#### Work instructions:
Once you find the line with "TAMPA, FLORIDA –", output it and every line after it exactly, through the last line of the listing, but no pictures.
##############################
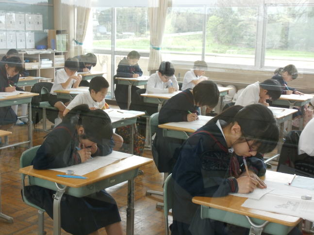 小学6年を対象とした全国学力調査(全国学力テスト)を実施しました。今年は国語と算数に理科を加えた3教科の学力を調べます。2限目に廊下から児童の真剣な顔を見ることができました。ぴりっとした雰囲気が窓越しから伝わってきました。結果発表は8月下旬になると思います。大海小学校の結果は、ホームページで公表します。
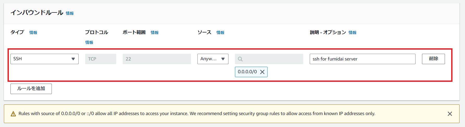今回指定した「Anywhere-IPv4」は、IPアドレスだと「0.0.0.0/0」を意味し、
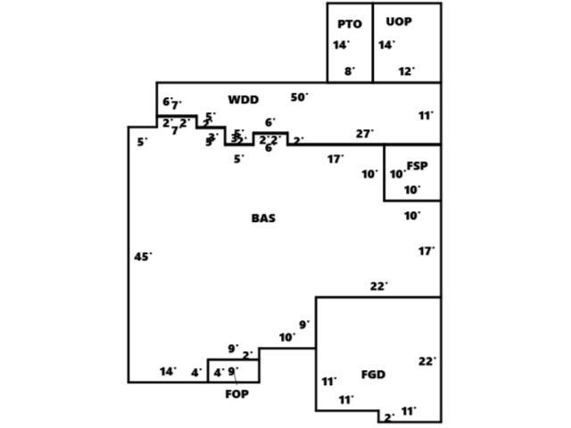 BUILDING DIMENSIONS BAS=W10N10W17N2W6S2W5N3W5N2W7S2W5S45E14N4E9N2E10N9E22N17Area:1861;FSP=N10E10S10W10Area:100;WDD=E27N11W50S6E7S2E5S3E5N2E6 6S2Area:488;FOP=N4E9S4W9Area:36;FGD=S11E11S2E11N22W22S9Area:462;FUS=Area:1250;UOP=N14W12S14E12Area:168;PTO=N14W8S14E8Are ea:112;TotalArea:4477
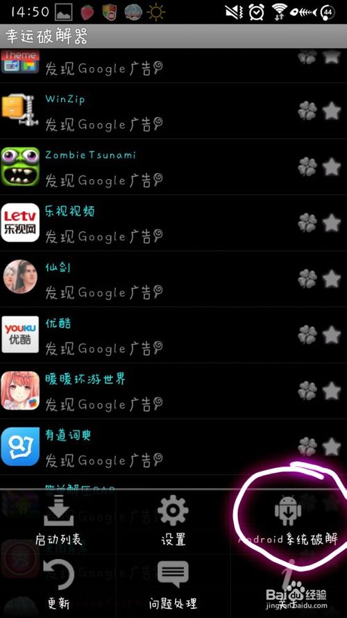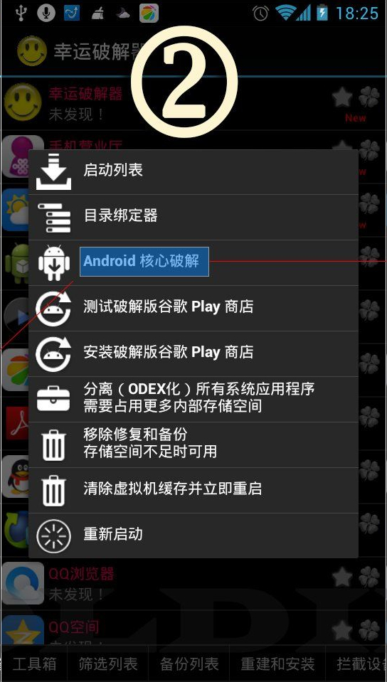 點擊手機菜單鍵(不同機型的菜單鍵不相同),點擊畫圈處Android系統(tǒng)破解。
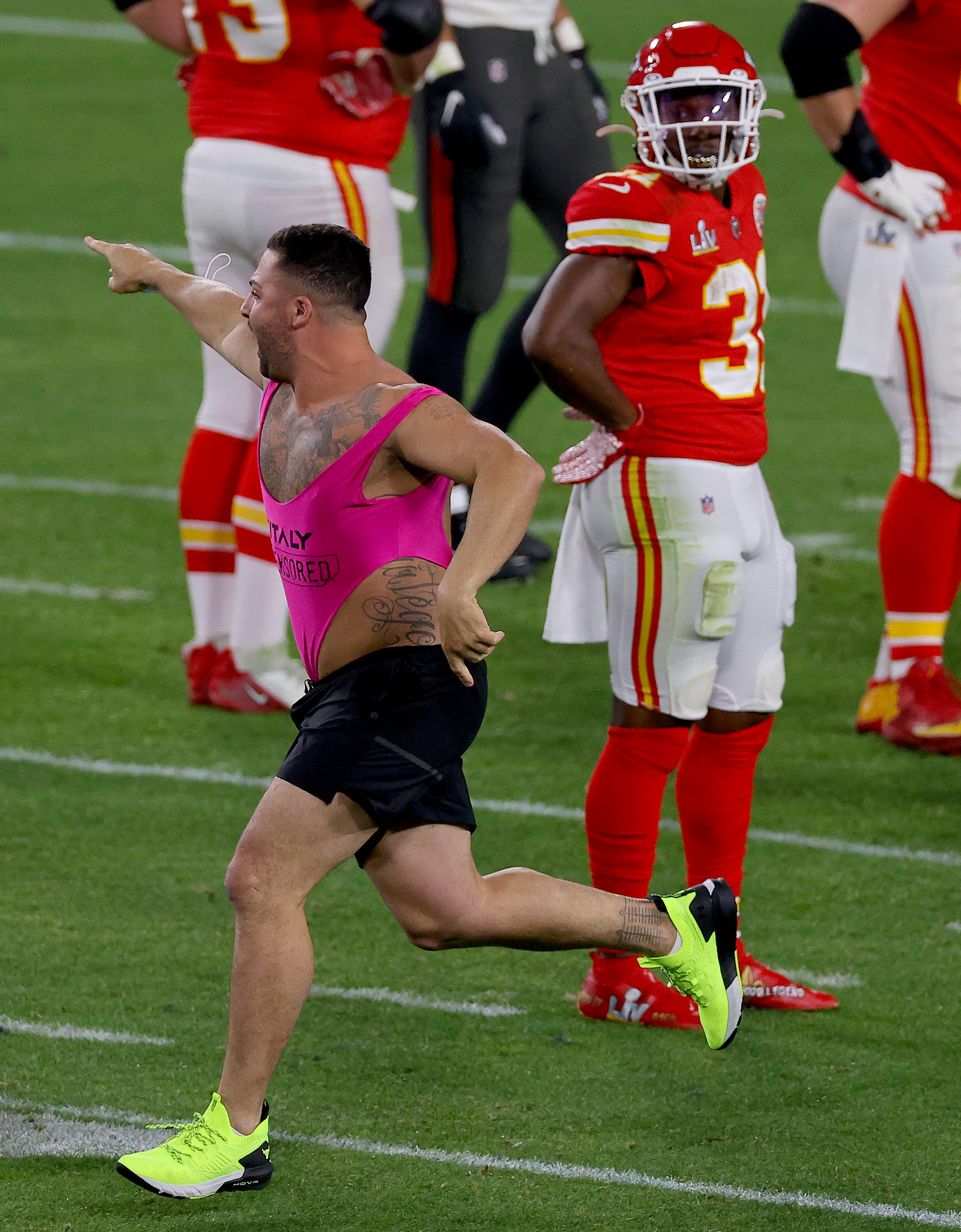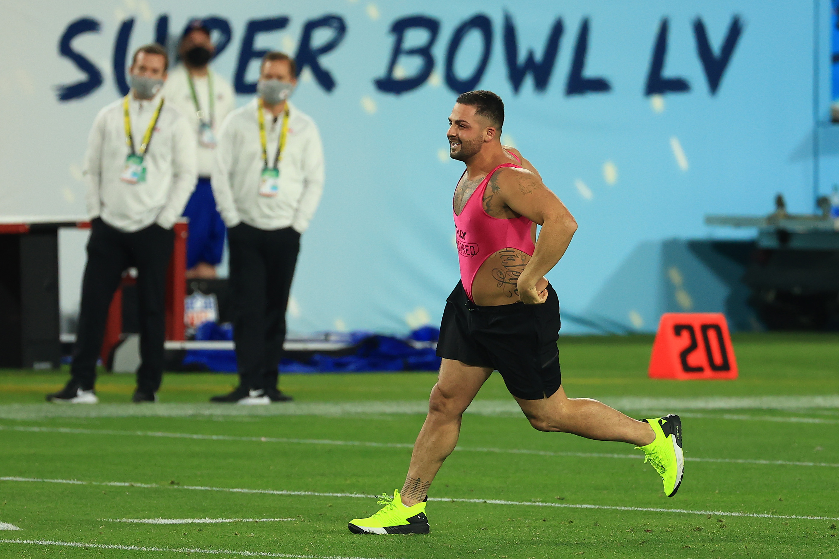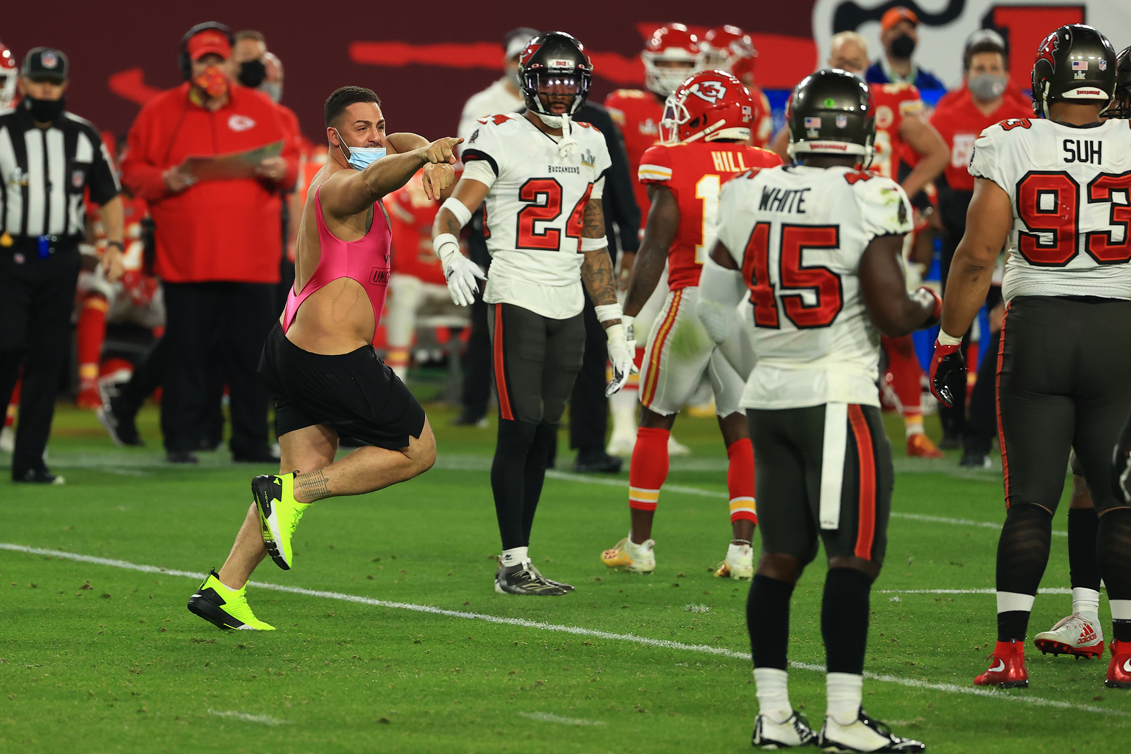 TAMPA, FLORIDA – FEBRUARY 07: A pitch invader takes the field during the fourth quarter in Super Bowl LV between the Tampa Bay Buccaneers and the Kansas City Chiefs at Raymond James Stadium on February 07, 2021 in Tampa, Florida. (Photo by Patrick Smith/Getty Images)
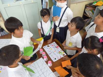 2.【2年2組】「たからさがし」:コップの裏に隠された得点で競います。
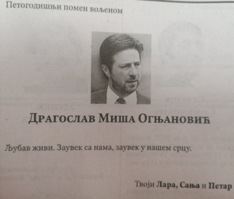 Pet godina je prošlo od svirepog ubistva Dragoslava Miše Ognjanovića. Tim tužnim povodom danas su se ispred večne kuće uglednog advokata na Novom groblju okupili članovi porodice i prijatelji. Među prvima se pojavila njegova supruga, bivša misica Sanja Papić.
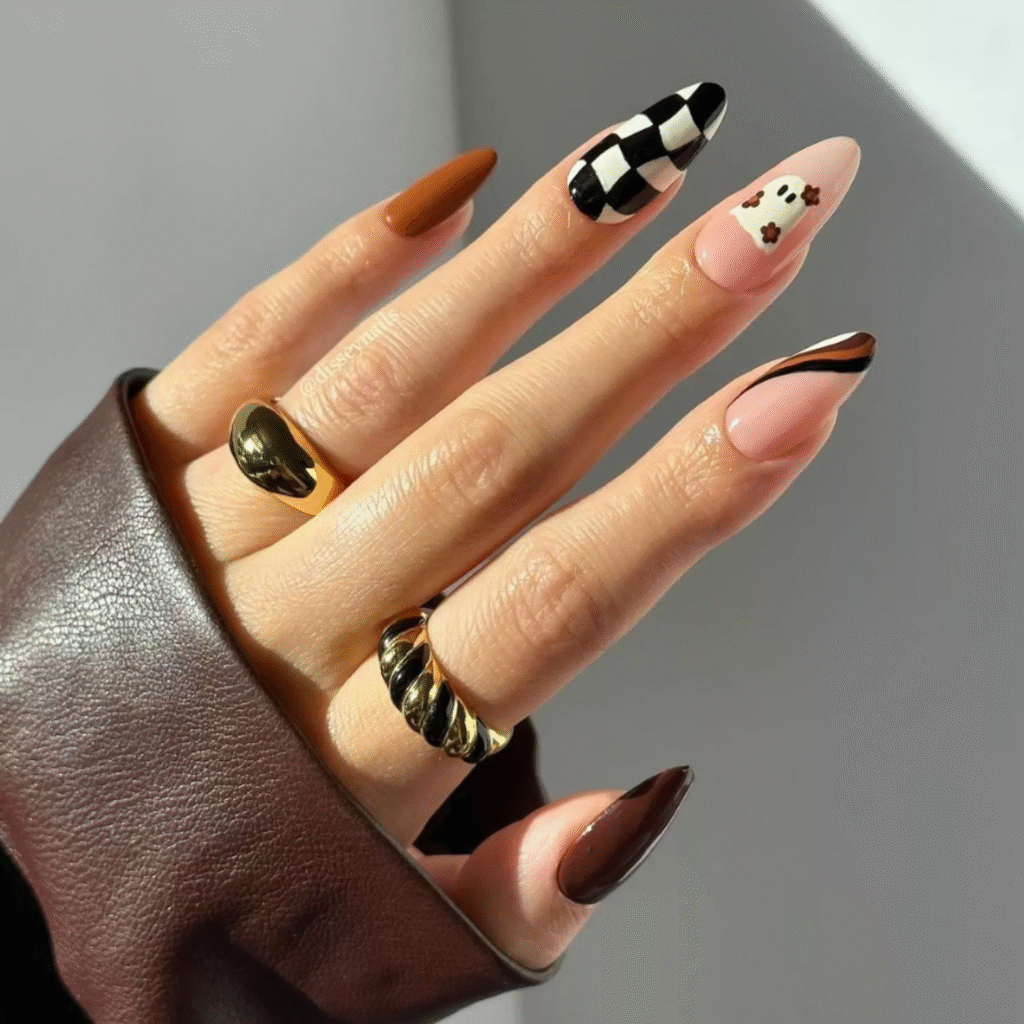 For a retro vibe, try a 70s-inspired ghost manicure. Using autumnal browns and adding little flowers can give your nails a groovy, vintage look. This design is perfect for those who want a Halloween vibe without going too spooky.
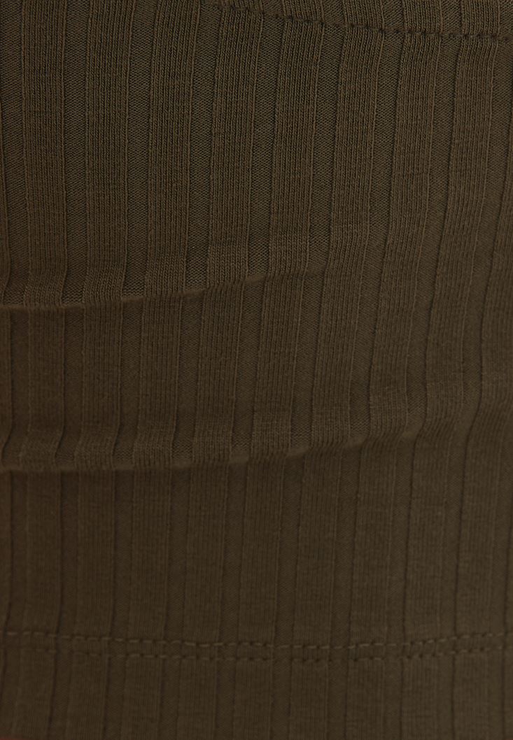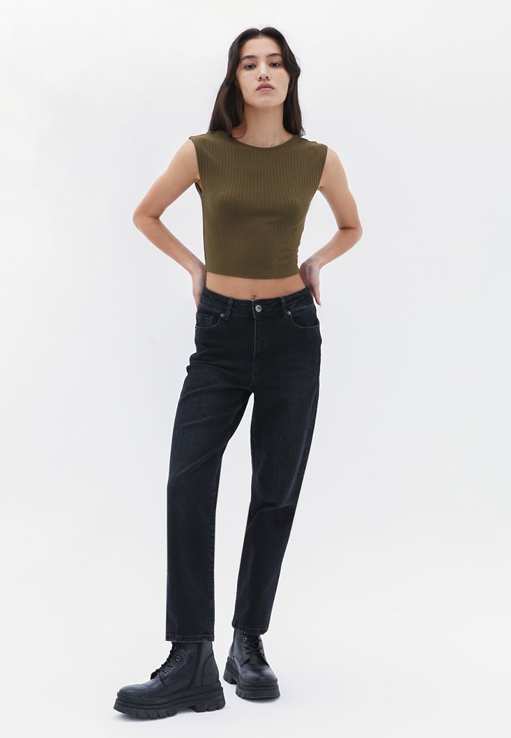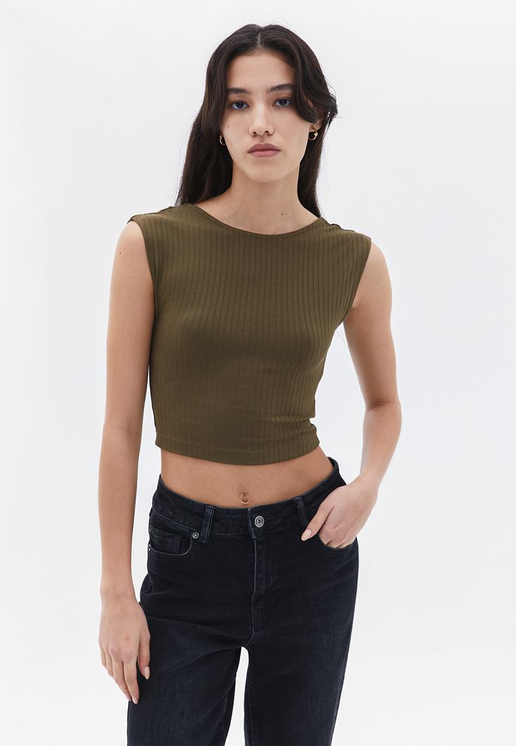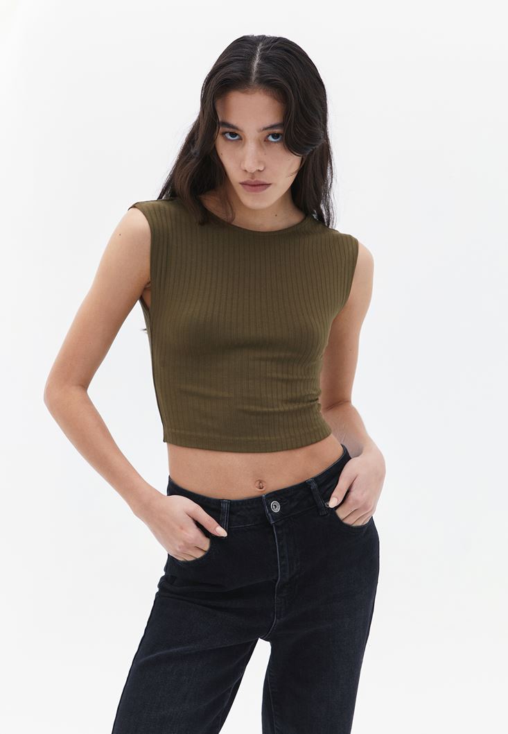 Viskon karışımlı doku, bedeni saran esnek fit, crop kesim, bot yaka, fitilli doku, sırt kısmı dekolteli.
##############################
#### Reply to the task:
 TAMPA, FLORIDA – FEBRUARY 07: A pitch invader takes the field during the fourth quarter in Super Bowl LV between the Tampa Bay Buccaneers and the Kansas City Chiefs at Raymond James Stadium on February 07, 2021 in Tampa, Florida. (Photo by Patrick Smith/Getty Images)
 2.【2年2組】「たからさがし」:コップの裏に隠された得点で競います。
 Pet godina je prošlo od svirepog ubistva Dragoslava Miše Ognjanovića. Tim tužnim povodom danas su se ispred večne kuće uglednog advokata na Novom groblju okupili članovi porodice i prijatelji. Među prvima se pojavila njegova supruga, bivša misica Sanja Papić.
 For a retro vibe, try a 70s-inspired ghost manicure. Using autumnal browns and adding little flowers can give your nails a groovy, vintage look. This design is perfect for those who want a Halloween vibe without going too spooky.
 Viskon karışımlı doku, bedeni saran esnek fit, crop kesim, bot yaka, fitilli doku, sırt kısmı dekolteli.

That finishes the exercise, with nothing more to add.